= Chicago Board of Health =

The Chicago Board of Health is the local board of health of the city of Chicago. Two previous iterations existed before the modern board was formed in 1932. The modern board is a policy-making body for health related matters and advises the Chicago Department of Public Health.

==First iteration==
In 1835, the Illinois Legislature permanently created a seven-member board. This had been briefly preceded by a temporary board of health that was established in 1834 to fight an outbreak of cholera. In the mid-1850s, with transmission of cholera and smallpox being regarded as under control, the board saw its powers reduced.

Amid the economic burdens of the panic of 1857, the Chicago Board of Health was seen as an unneeded luxury, and it was abolished in 1857. Its responsibilities were transferred to the Chicago Police Department.

==Second iteration==
In 1867, with cholera again a problem, a new Chicago Board of Health was established. Its authority was independent of the Chicago City Council and Chicago Police Department.

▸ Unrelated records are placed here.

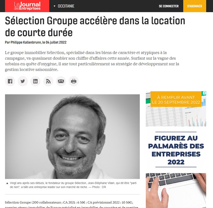Dans sa rubrique Entreprises, la Gazette Du Midi revient sur les 20 ans de Selection Groupe et présente son offre à 360° dans la vente d'immobilier de caractère et de prestige depuis 2002. Transaction, courtage en prêt et travaux, service de conciergerie, gestion locative saisonnière...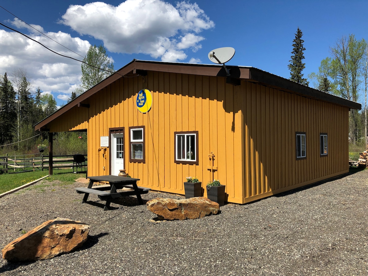 Tá an Half Moon Guest House ciúin agus síochánta, uathúil, atmaisféar compordach agus fáilteachas cairdiúil. Níl sé ach cúpla nóiméad go Wells Gray Park agus 4 km ón mbaile. Tá an teach aíochta ar an réadmhaoin chéanna le teach an úinéara. Ar ár mion - rainse beag tá 5 chapall, 2 PUP cairdiúil agus piscín beag gleoite amháin againn. Tá an chistin feistithe go hiomlán le miasa, potaí, pannaí, srl. Cuirimid caife/tae ar fáil freisin. Is féidir lenár nAíonna an poll dóiteáin agus an beárbaiciú a úsáid agus a scíth a ligean ar an bpaitió.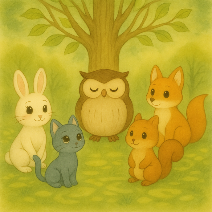 きの まえには、もりの さいばんかん、フクロウの ホウホウが しずかに たっていました。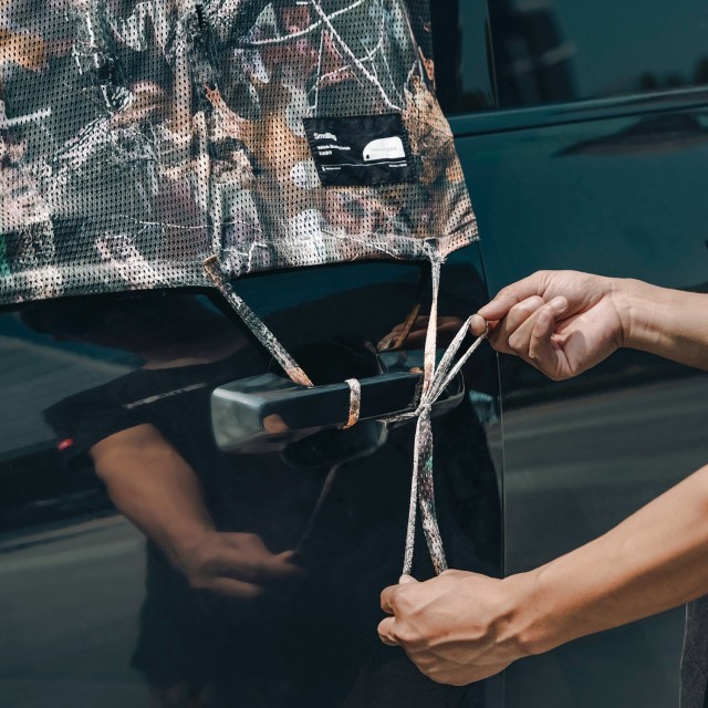 Instalacija je jednostavna - stavite zavjesu preko prozora i pričvrstite je na dvije točke trakama za sigurno, univerzalno pristajanje na većinu terenskih SUV vozila. Tkanina je tretirana izdržljivim vodoodbojnim premazom, koji nudi pouzdanu zaštitu od kiše, snijega, prašine, pa čak i dosadnih insekata - tako da možete udobno snimati u bilo kojem okruženju.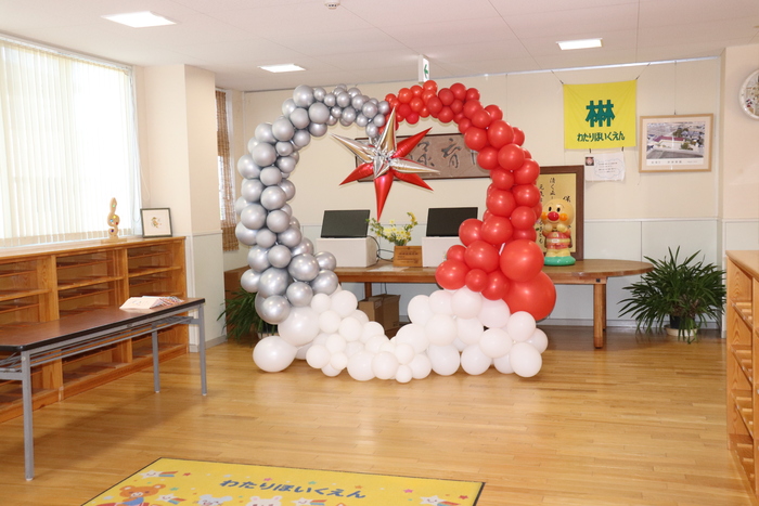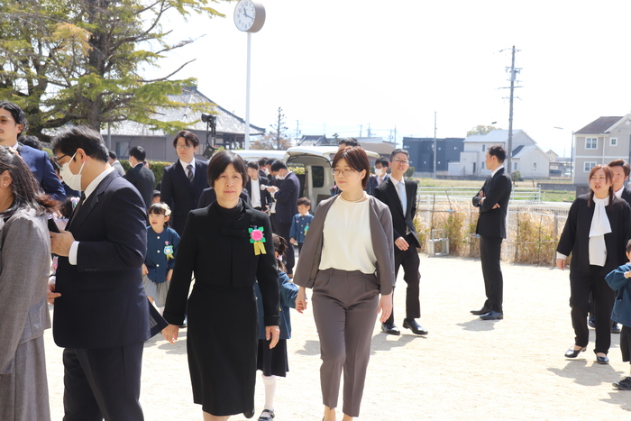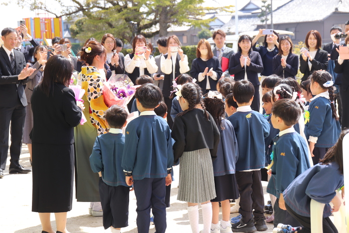 式が終わり・・・花道も終わり・・・。 最後は園庭で三々五々団らんを! 担任の先生にもプレゼント! ご卒園おめでとうございました!! すみれ組のみんな、小学校へ行ってもがんばってね。 | ||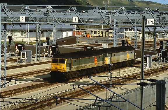 Two 47s (one is 47051) wait at Dollands Moor International freight yard. Back in 1999

Beginning in July 1867, the board took measures to vaccinate people against smallpox. That year, the Board of Health successfully recommended that children be forbidden to attend public schools without a certificate of vaccination. Free vaccination was provided to school children. In 1869, the Chicago Board of Health required that all children be vaccinated.

==Present iteration==
On May 4, 1932, the Chicago City Council created a new Chicago Board of Health. Herman Bundesen, already the Chicago City Health Commissioner, was also made the president of the board, a position he held until his death in August 1960.

In 1921, the Supreme Court of Illinois had found that the health commissioner lacked much authority, since the city had no board of health (as authorized by the state), but instead had itself established a Department of Health. The court decided that the Chicago City Council had no authority to delegate to the Department of Health authority equivalent to what the state would allow them to grant a board of health. This meant that, from 1921 until the establishment of the new Chicago Board of Health in 1932, Chicago's Commissioner of Health had little actual power.

In 1975, the Chicago City Council revised the city's municipal code to make it clear that the nine-member Chicago Board of Health was a policy-making body for health and the Chicago Department of Health is the agency which administers the city's health programs and enforces regulations.